## Try it
Every line of the material must be given again verbatim. Skip the images.

## Provided material
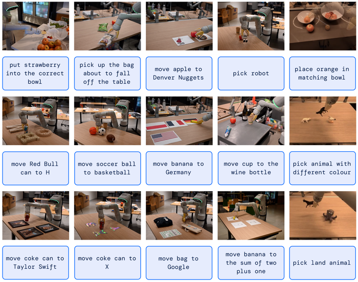 RT-2 was tested on various robotic skills that weren’t present in the robotics data. Credit: Google DeepMindCác thử nghiệm cho thấy RT-2 có khả năng tổng hợp ấn tượng. Nó cũng có khả năng hiểu về ngữ nghĩa và hình ảnh của dữ liệu robot một cách cải thiện mà trước đây chưa từng gặp.
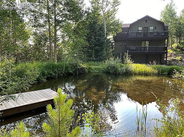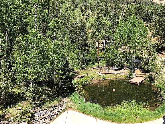 Beautiful two story home situated among an Aspen Grove with its own private Trout Pond!!! No less, it is on top of a waterfall! Almost the whole home has been recently renovated with a 300+ square ft addition to the main level. Renovations include Artisan Granite, Kitchen Cabinets, Appliances, Steam Shower, Radiant Heat Flooring, Carpet through out, lower level Tile, Master Bathroom and so, so much more!!! This Home offers 4 decks, Entertaining Area around the Pond, Concrete driveway, City and Mountain Views, 2nd level master suite (entire level!), 2- car attached garage and so much more!!! Large Master /Suite Level on 2nd floor with huge deck facing East for the city views, bedroom deck facing West looking over the pond, rock formations and mountain views, wood burning stove, sitting area and office area. There is even an exterior locked storage room and dog run. Laundry is located on main level. Water is provided via a natural mountain spring fed cistern with full UV bacterial and a particulate home filtration system. HOA includes Security Gate, Club House and Outside Community Pool. This is a home you do not want to miss!!! Come enjoy mountain community living that is only minutes to the city!
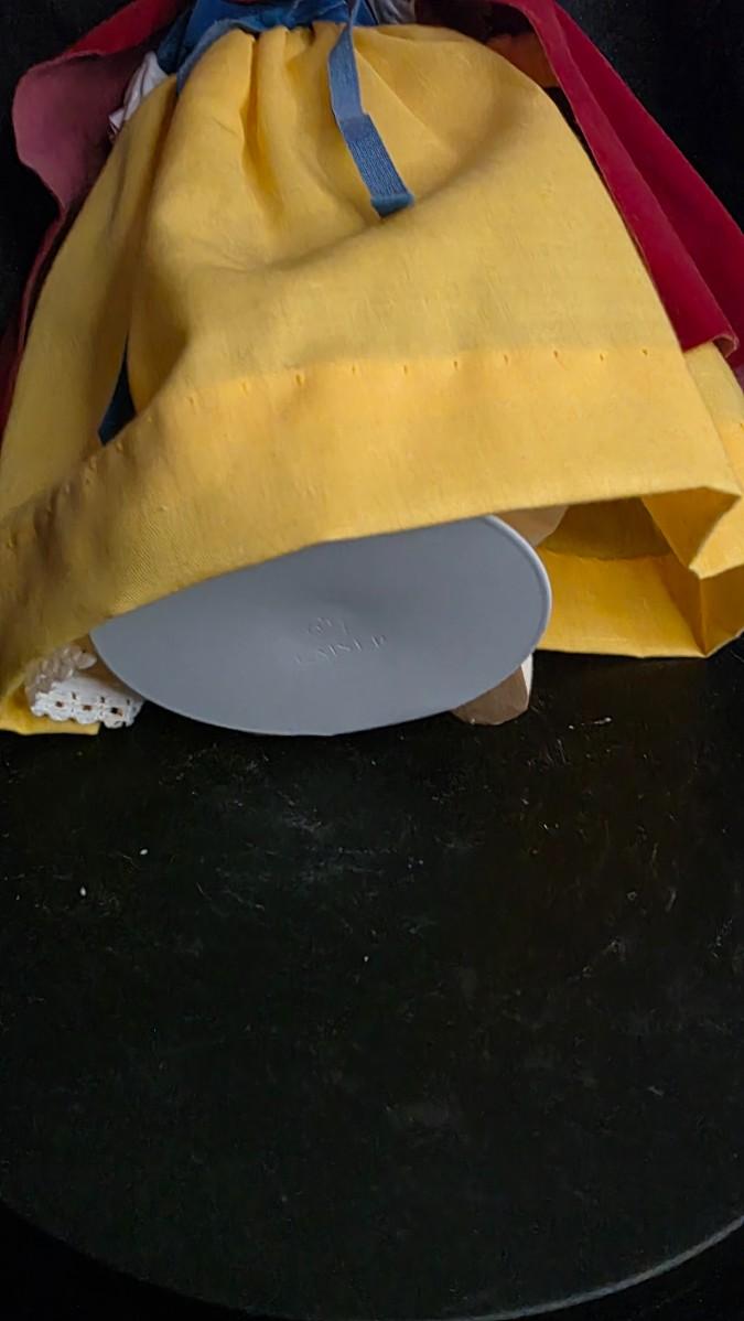 Standing approximately 11 inches tall, this vinyl doll features striking sleepy blue eyes that open and close, delicate painted lashes, and softly blushed cheeks that evoke the innocence of the classic tale. Her dark brown rooted hair, styled in the timeless Snow White bob, perfectly complements her iconic costume: a yellow satin skirt, royal blue velvet-style bodice with ribbon ties, and a deep red felt cape with white collar — true to the beloved animated design.
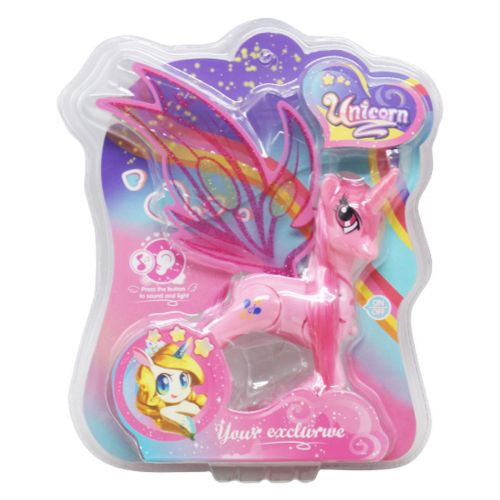 Мила конячка-поні буде чудовим подарунком. У конячки довга, шовковиста грива і хвіст, гарні прозорі крила, а також ріг, як у єдинорога. У іграшки є світлові та звукові ефекти (активуються при натисканні кнопки на грудях). Розмір конячки (без крил) – 15х12х4 см. Виконана з міцного пластику. Для дітей від 3-х років.

## Solution to this task
 RT-2 was tested on various robotic skills that weren’t present in the robotics data. Credit: Google DeepMindCác thử nghiệm cho thấy RT-2 có khả năng tổng hợp ấn tượng. Nó cũng có khả năng hiểu về ngữ nghĩa và hình ảnh của dữ liệu robot một cách cải thiện mà trước đây chưa từng gặp.
 Beautiful two story home situated among an Aspen Grove with its own private Trout Pond!!! No less, it is on top of a waterfall! Almost the whole home has been recently renovated with a 300+ square ft addition to the main level. Renovations include Artisan Granite, Kitchen Cabinets, Appliances, Steam Shower, Radiant Heat Flooring, Carpet through out, lower level Tile, Master Bathroom and so, so much more!!! This Home offers 4 decks, Entertaining Area around the Pond, Concrete driveway, City and Mountain Views, 2nd level master suite (entire level!), 2- car attached garage and so much more!!! Large Master /Suite Level on 2nd floor with huge deck facing East for the city views, bedroom deck facing West looking over the pond, rock formations and mountain views, wood burning stove, sitting area and office area. There is even an exterior locked storage room and dog run. Laundry is located on main level. Water is provided via a natural mountain spring fed cistern with full UV bacterial and a particulate home filtration system. HOA includes Security Gate, Club House and Outside Community Pool. This is a home you do not want to miss!!! Come enjoy mountain community living that is only minutes to the city!
 Standing approximately 11 inches tall, this vinyl doll features striking sleepy blue eyes that open and close, delicate painted lashes, and softly blushed cheeks that evoke the innocence of the classic tale. Her dark brown rooted hair, styled in the timeless Snow White bob, perfectly complements her iconic costume: a yellow satin skirt, royal blue velvet-style bodice with ribbon ties, and a deep red felt cape with white collar — true to the beloved animated design.
 Мила конячка-поні буде чудовим подарунком. У конячки довга, шовковиста грива і хвіст, гарні прозорі крила, а також ріг, як у єдинорога. У іграшки є світлові та звукові ефекти (активуються при натисканні кнопки на грудях). Розмір конячки (без крил) – 15х12х4 см. Виконана з міцного пластику. Для дітей від 3-х років.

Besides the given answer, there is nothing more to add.